Metabolic Health

The Link Between Insulin Resistance and Aging — and What You Can Do About It

6 minutes read

We all want to know the secret to eternal youth. Unfortunately, there’s no magic potion — but there are research-backed methods to help make the aging process more graceful. By focusing on reversing insulin resistance and balancing your glucose levels, you can buffer and potentially prevent the physical, mental, and clinical signs of aging. 

How aging changes our bodies

Over the past century, the lifespan for both men and women has increased substantially. The number of Americans over the age of 65 is projected to more than double over the next 40 years, rising from 40 million in 2010 to 89 million in 2050 [1]. Although people are living longer, they’re not in better health.

Aging comes with common physical changes, including gray hair and wrinkles, but many metabolic and hormonal changes aren’t as visible. 

1. Cardiovascular health

The most common change associated with aging involves the cardiovascular system [2]. Blood vessels and arteries begin to stiffen, causing your heart to work harder to pump blood. Due to the increased workload of your heart muscles, the risk of high blood pressure (i.e., hypertension) and other cardiovascular problems increases. 

2. Bone and muscle health

As early as your 40s and 50s, your bones may become weaker, less dense, and more brittle, which increases the risk of fractures [3]. You’re also at greater risk of age-related loss of skeletal muscle mass and strength, known as sarcopenia, which increases the risk of injury and can decrease mobility [4]. 

3. Digestive health

Your digestive system also slows down due to changes in your large intestine that can lead to constipation [2]. Constipation can also be caused by a lack of physical activity, dehydration, a diet low in fiber, medications like diuretics and iron supplements, and certain medical conditions such as diabetes. 

4. Menopause and andropause

Around age 40, you may begin to experience the physical and emotional symptoms of menopause and andropause (i.e., “male menopause”) [5, 6]. This change in hormonal health also contributes to the development of sarcopenia.

5. Insulin resistance

Along with the onset of these symptoms is an increased risk of developing insulin resistance and decreased insulin sensitivity. This increased risk of insulin resistance related to aging is independent of a metabolically healthy lifestyle. 

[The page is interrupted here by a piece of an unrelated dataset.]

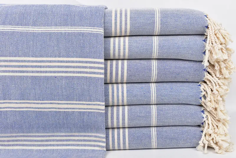 Personalized Turkish Bath Towel Sax Blue Striped, 40x71 Inches

In other words — as you age, it’s more difficult for your body to regulate and prevent conditions like insulin resistance even if you’re doing all the “right” metabolically healthy things (i.e., prioritizing your nutrition, sleep, stress levels, and exercise). The good news is that there are ways to change this narrative. 

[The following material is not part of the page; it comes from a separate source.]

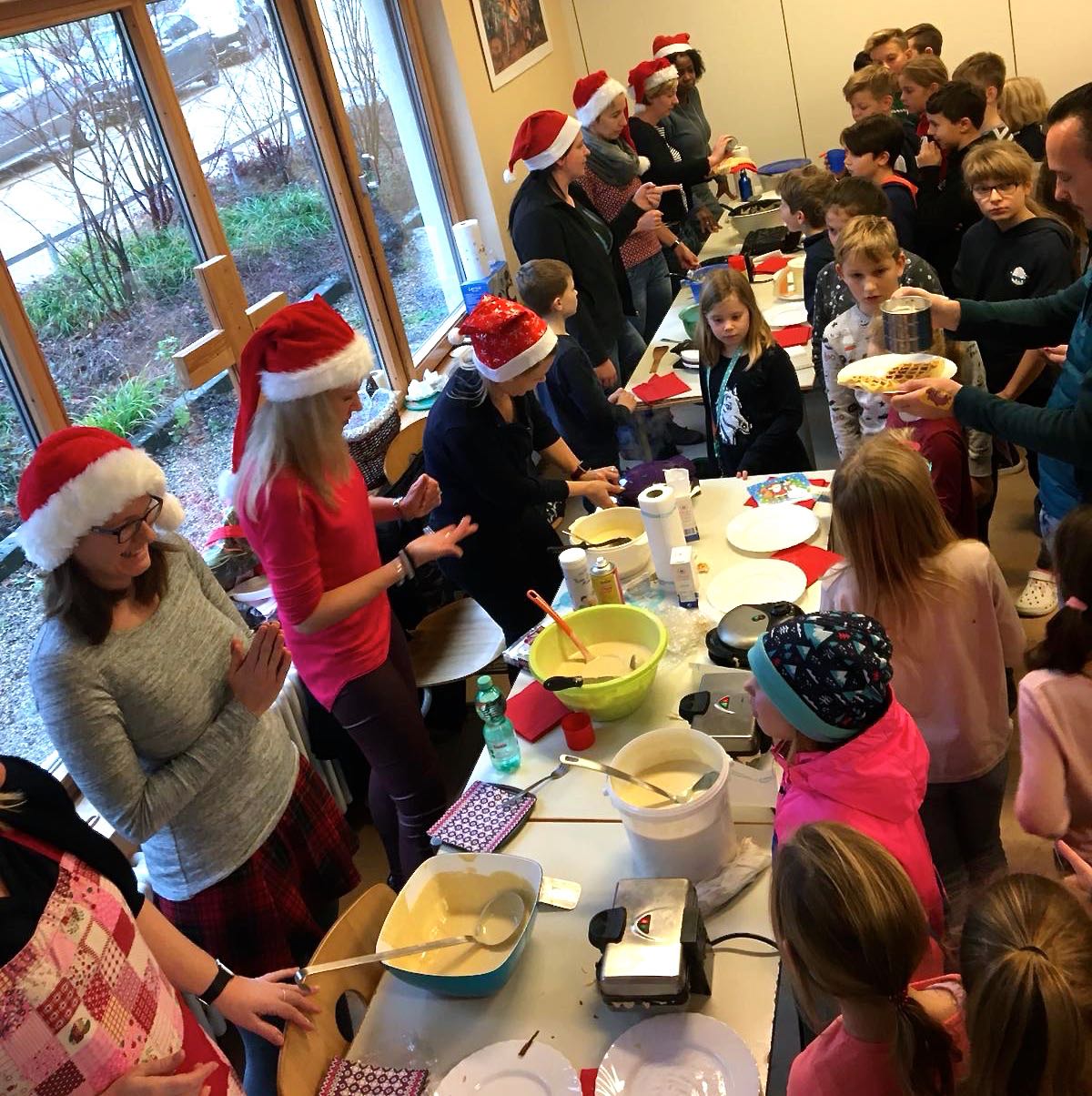 Vorweihnachtliche Überraschung gelungen! Die Kids der Warener Arche Schule wurden heute in der großen Pause von Eltern überrascht. Die haben – ausstaffiert mit Weihnachtsmützen – für sie frische, leckere Waffeln gebacken und damit genau den Geschmack der Mädchen und Jungen getroffen.

Cognitive health, insulin resistance, and blood glucose

Your brain health is affected by many age-related changes — including reduced blood sugar regulation and decreased insulin sensitivity [19]. In turn, this can lead to slowed brain function [7]. 

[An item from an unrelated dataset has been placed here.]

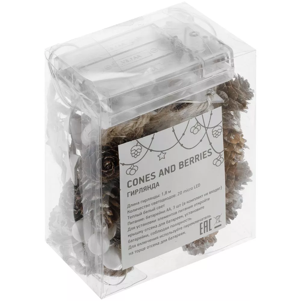 Одни из главных компонентов зимы и зимних праздников в стильном и милом оформлении гирлянды Cones and Berries — тот случай, когда детали решают все. Гирлянда актуальна и как самостоятельный вариант декора, и в качестве традиционного украшения елки.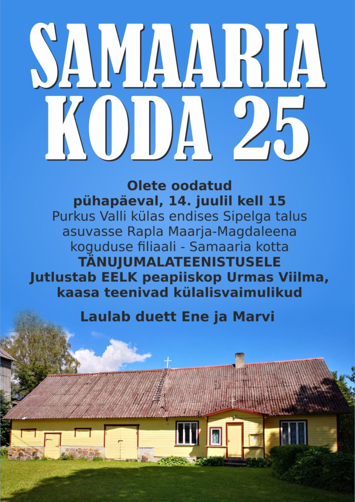 Olete kõik kutsutud pühapäeval, 14.juulil kell 15 osalema Purkus Valli külas (endise Järvakandi mõisa varemete lähedal) asuva Rapla koguduse filiaali – Samaaria koja pühitsemise 25. aastapäeva tänujumalateenistusel.

This is important since the number of people aged 65 and older with dementia is increasing [7]. Although the connection between cognitive decline and diabetes is still unclear, we know high blood sugar harms the brain.

When your blood sugar levels are high, your pancreas releases large amounts of insulin, which can cause your brain chemicals to become unbalanced and trigger cognitive decline [19]. 

On top of that, sustained high blood sugar can damage blood vessels and cells in the brain and harm brain health. One study showed that hyperglycemia (i.e., high blood glucose) was associated with slowing all cognitive performance tests and increased mental subtraction errors for both Type 1 and Type 2 diabetic subjects [7]. 

This means that higher blood sugar is associated with slowed brain function, which can lead to premature decline over time.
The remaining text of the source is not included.